United States v. Milbourn

600 F.3d 808, 2010 U.S. App. LEXIS 7142, 2010 WL 1330170
CourtCourt of Appeals for the Seventh Circuit
DecidedApril 7, 2010
Docket08-2525
StatusPublished
Cited by2 cases

This text of 600 F.3d 808 (United States v. Milbourn) is published on Counsel Stack Legal Research, covering Court of Appeals for the Seventh Circuit primary law. Counsel Stack provides free access to over 12 million legal documents including statutes, case law, regulations, and constitutions.

Bluebook
United States v. Milbourn, 600 F.3d 808, 2010 U.S. App. LEXIS 7142, 2010 WL 1330170 (7th Cir. 2010).

Opinion

EVANS, Circuit Judge.

Of all the things to burn in someone’s yard, Kyle Shroyer and Kyle Milbourn chose a cross. Of all the places to burn that cross, they chose the front yard of a rented house that served as the home for three biracial children. Eventually, Milbourn was charged with four counts: conspiracy to intimidate and interfere, be *810 cause of the race of the occupants, with their right to occupy their home; a substantive charge of intimidation; using fire to commit a felony; and witness tampering. He was convicted after a jury trial on all four counts and sentenced to serve a term of 121 months. Today we resolve his appeal.

The rented house where the cross was burned was in a predominantly white neighborhood just off a main road in Muncie, Indiana. Paula Tracy and her boyfriend (Phillip Thrash), who are white, lived in the house with her three biracial children from a previous relationship. The children’s grandfather, a black man named Paul Jones, lived upstairs in a separate unit. Paula and Phillip got married sometime after the cross burning and prior to Milbourn’s trial, which took place two years later. We’ll generally refer to them as the Thrashes as we move along. In an ironic twist, Kyle Shroyer married Paula’s half sister, Hope Pierce, between the incident and Milbourn’s trial.

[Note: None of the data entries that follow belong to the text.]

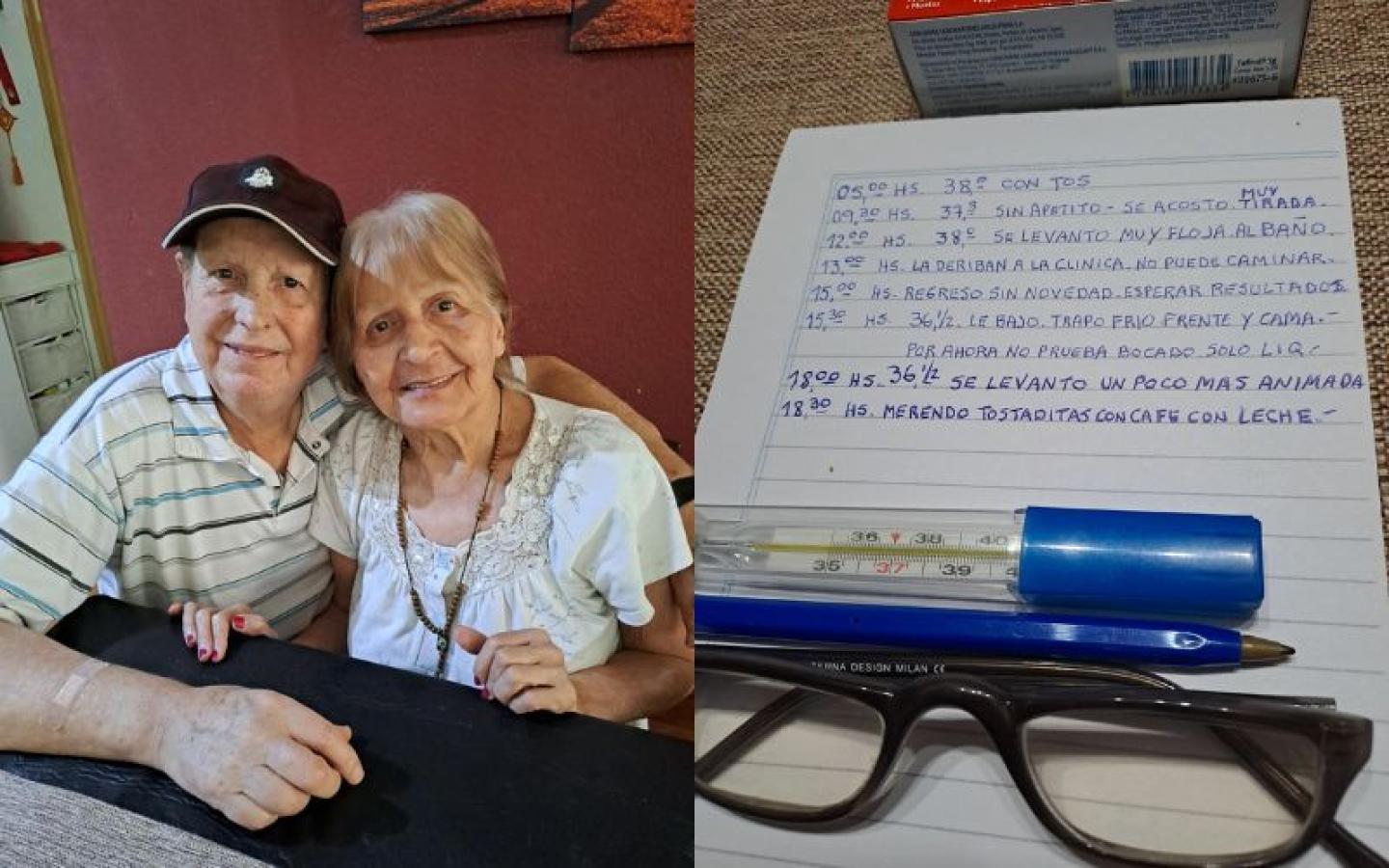 Precisamente, junto al escrito la joven compartió una fotografía de una hoja donde su abuelo anotó absolutamente todo sobre la salud de su esposa: las horas, síntomas, comida, estado de ánimo y temperatura.
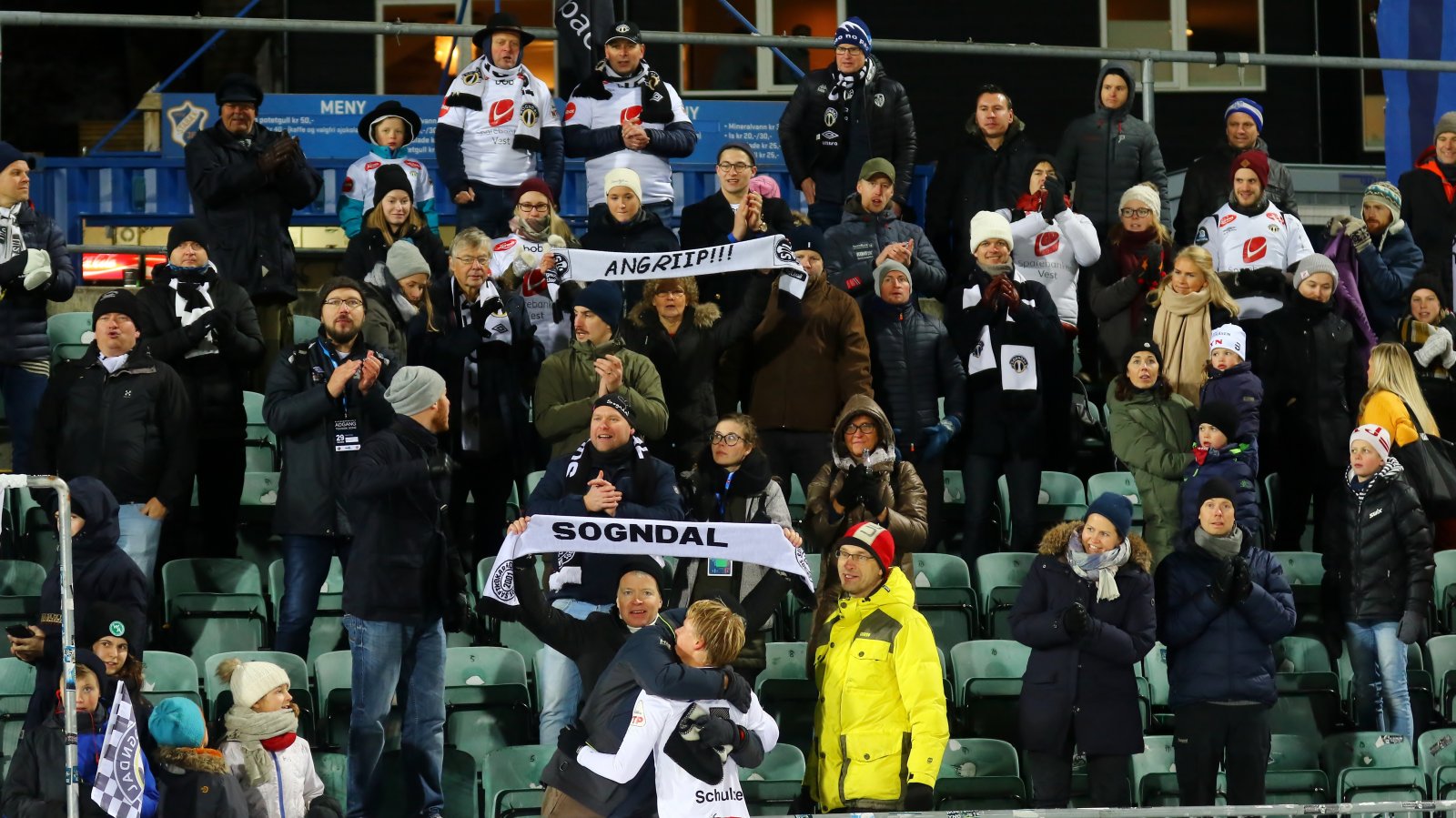 Me snakka med ein glad bergensar etter kampen. Joachim Soltvedt kom inn, og hans første spark på ballen gjekk i mål.
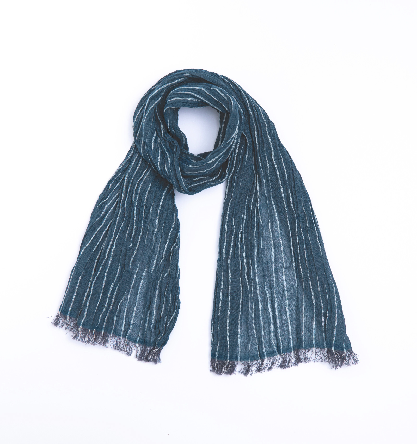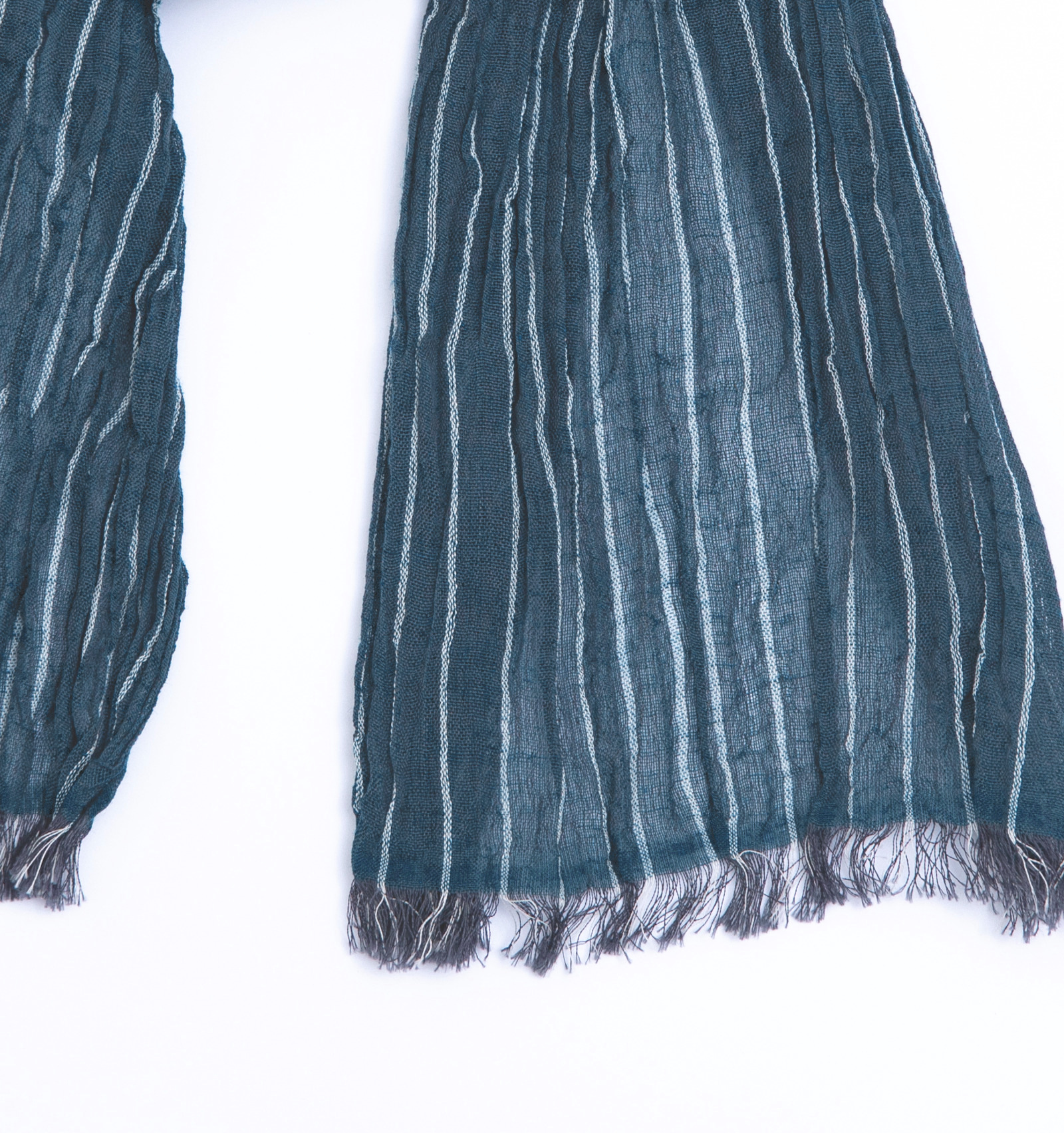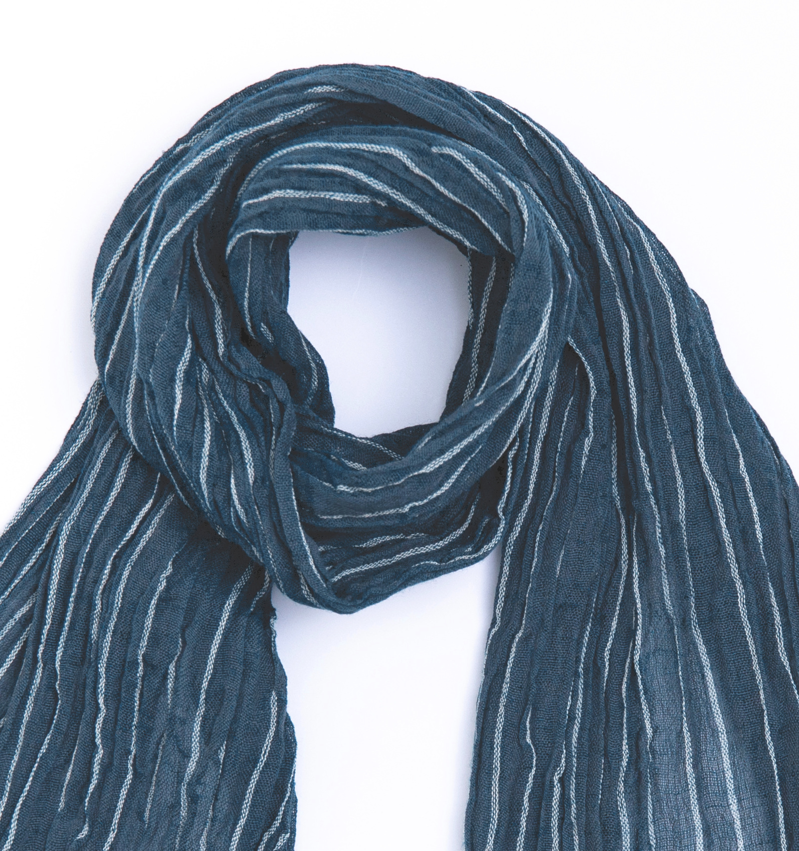 一般的な手ぬぐいと異なるのは、よこ糸に伸縮性のある糸を用いている点です。生地全体にやわらかなシワ感が生まれることで、首元に巻いたときもすっきりと収まりやすく、自然な美しさが引き出されています。
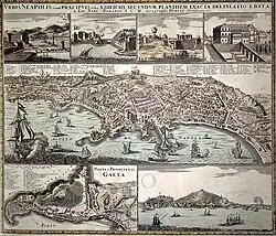 The city has two original ancient nucleuses: the first is the hill of Pizzofalcone on which the city of Partenope was born, while the second is the zone of the decumanus of Naples where the following Neapolis was born.[2] In this last space, in particular, all the buildings over the centuries have concentrated until the 16th century, with the opening towards the west of the city at the behest of the Spanish viceroy don Pedro de Toledo.
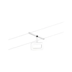 Der Einzelspot Frame in Weiß matt/Chrom eignet sich besonders zur Ergänzung eines bestehenden Seilsystems. Das System kann sowohl an der Wand als auch an der Decke montiert werden und bietet dadurch grenzenlose Gestaltungsmöglichkeiten. Egal ob gerade, schräg oder verwinkelt – Seilsysteme passen in jeden Raum und sind die Problemlöser für schwierige Installationsbedingungen. Das Basisset lässt sich individuell durch Einzelspots, Umlenker und weiteres Zubehör ergänzen. Mit diesem System lässt sich eine optimale Lichtverteilung realisieren, bei steigendem Lichtbedarf lässt es sich problemlos erweitern. Für die Verteilung der Leuchten im gesamten Raum wird nur ein Stromauslass benötigt. Systeme mit der Technik 12V DC (Gleichspannung) lassen sich nicht über einen Wand-Einbaudimmer dimmen.
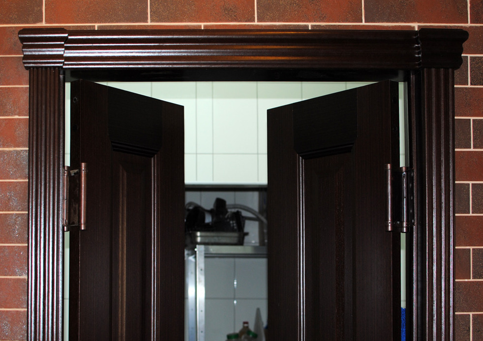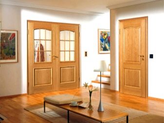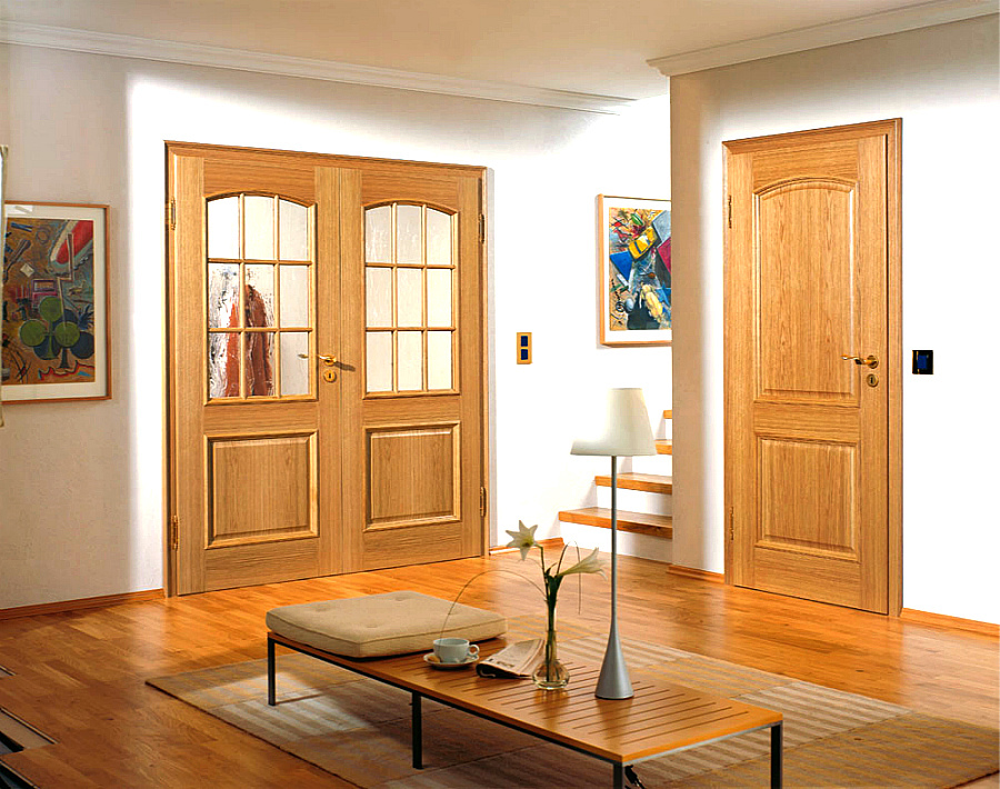 - Bois. Les portes en bois sont principalement installées à l'intérieur de la maison, car elles sont sensibles à l'humidité et perdent leurs qualités décoratives. Extérieurement, ils peuvent avoir une structure à la fois lisse et encadrée.
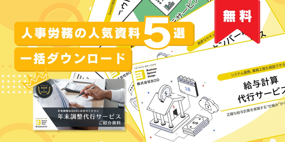 人×テクノロジーで社会の原動力となり「人をつなげる 未来へつながる」の実現を目指す株式会社BOD(本社:東京都豊島区、代表取締役:田中大善、以下BOD)は、4月8日に「人事労務の人気資料5選」を公開しました。これまでたくさんの方にご活用いただいた、年末調整代行/給与計算代行/マイナンバー収集・管理代行/住民税年度更新代行/クラウドシステム導入支援について、わかりやすく説明しています。
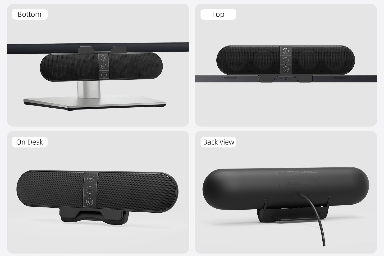 - [ADAPTIVE-CHANNEL-SWITCHING WITH G-SENSOR] - Ensures the left and right sound channels remain correctly positioned whether the speaker is clamped to the top or bottom of your monitor.
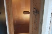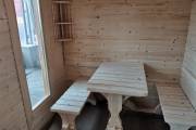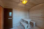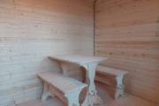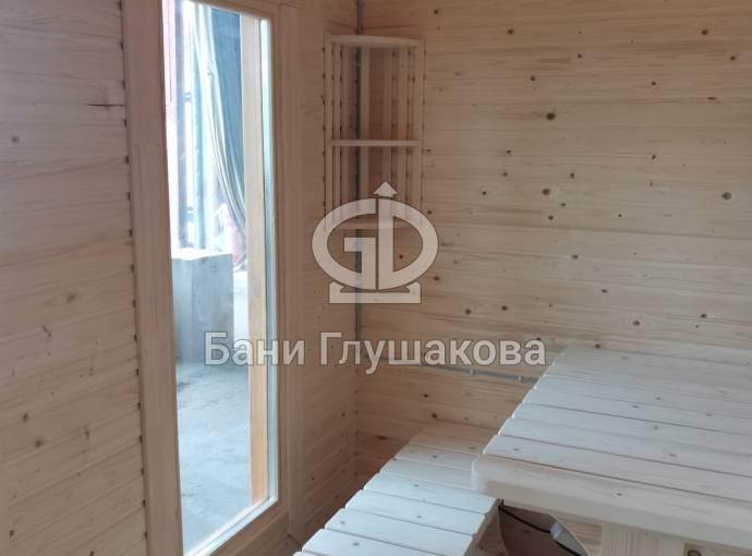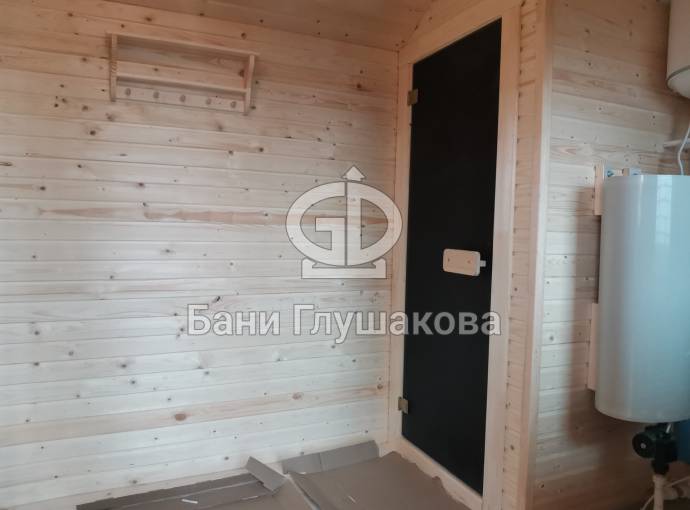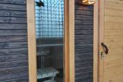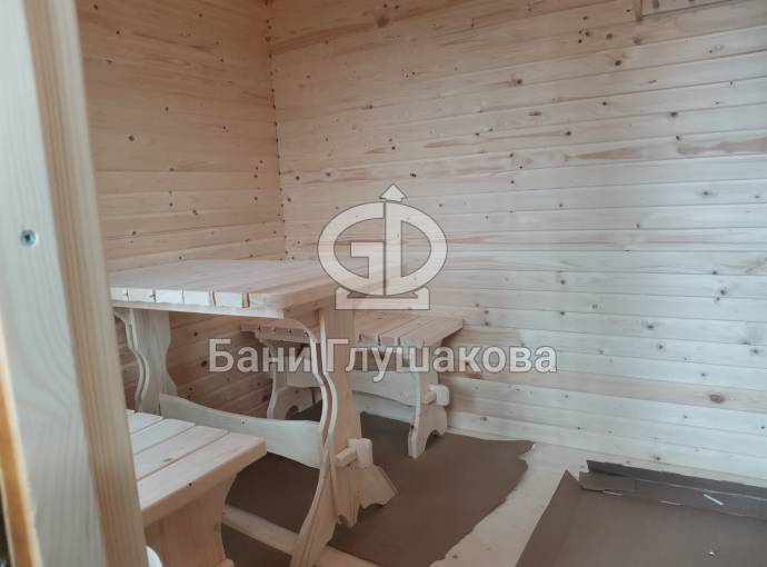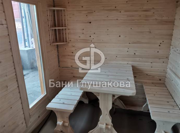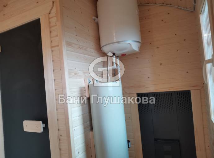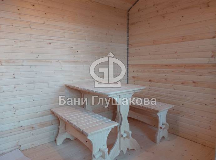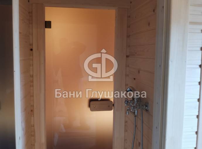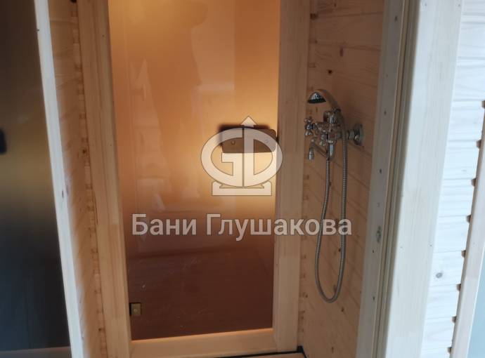 Внутри 3 отделения: парная, комната отдыха и душевая. Баня оснащена современной автономной душевой системой.

Kyle Shroyer, by the way, pled guilty to charges growing out of his role in the cross burning. He received a 15-month sentence.

Milbourn’s primary argument on appeal is that the evidence was insufficient to support the jury finding (1) that he was motivated by the racial makeup of the people who lived in the Thrash home and (2) that the cross was burned to intimidate (or interfere), on account of race, with the Thrash family’s right to occupy their home. Prevailing, of course, on an insufficiency of the evidence claim is a tall order for any defendant. Before getting to the evidence, however, we pause for a brief word about cross burning.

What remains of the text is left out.